The fact that the system doesn’t lead to the outcomes that Certain People would like is, of course, another question. But let’s not pretend that it’s a ‘ broken system’.
Sweeping education reforms have done very little to change the fact that in the UK, being born well is by far the surest route to prosperity.
The assumption here is that ‘education reforms’ are somehow supposed to make sure that those who are ‘born well’ don’t get a sure route to prosperity. Just how is that supposed to work, exactly? If Ringo has rich parents who never sent him to school for even a day but who gave him a potload of money, then Ringo’s prosperity is pretty much guaranteed even in the face of a total lack of education. It would seem, therefore, that ‘education reforms’, no matter how ‘sweeping’ their nature, aren’t going to do what they’re expected to. The obvious conclusion that suggests itself is that Certain People are leaning on the wrong tools, tools that will never achieve their Desired Outcome.
Since the 1980s, the degree of social fluidity in Britain has plummeted with more people experiencing descent than ascent.
Perhaps it’s the fault of ‘sweeping education reforms’. If you change a condition, and the outcome is worse than it was, I kinda think that it might be the change in the condition that caused it.

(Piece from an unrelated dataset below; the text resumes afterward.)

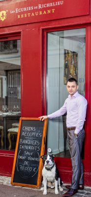restaurant interdit aux banquiers« Autorisé aux chiens. Interdit aux banquiers sous réserve d’un droit d’entrée de 70 000 euros ». Alexandre Callet, le jeune propriétaire des Écuries de Richelieu, restaurant gastronomique répertorié au Guide Michelin situé à Rueil-Malmaison dans les Hauts-de-Seine, savoure sa provocation.

“Decades of educational policy have completely overlooked that younger generations of men and women now face less favorable mobility prospects than did their parents—or their grandparents despite having earned higher qualifications,” Dr. John Goldthorpe – a leading sociologist at the University of Oxford and author of the study Social Class Mobility in Modern Britain: Changing Structure, Constant Process – told VICE Impact. “That is, they are less likely to experience upward mobility and more likely to experience downward mobility,’
This again suggests that ‘decades of educational policy’ are the culprit, rather than a possible cure. I rather suspect that we’re going to be presented with a scheme to double down on what hasn’t worked before. ‘This time for sure!’ Uh, no.
His work shows that investments in education at the national level have very little impact on social mobility because rich families are using their economic, cultural and social capital to ensure that their children stay ahead.
I guess ‘investments in education’ didn’t screw rich people as effectively as they were supposed to. I’ll bet you didn’t know that the object of education policy was to increase social mobility rather than, say, make people educated. I know it came as a surprise to me.
I could continue this fisking exercise, but I’m sure you get the drift. It’s not enough that Certain People get educated, the Wrong People have to get screwed in the process.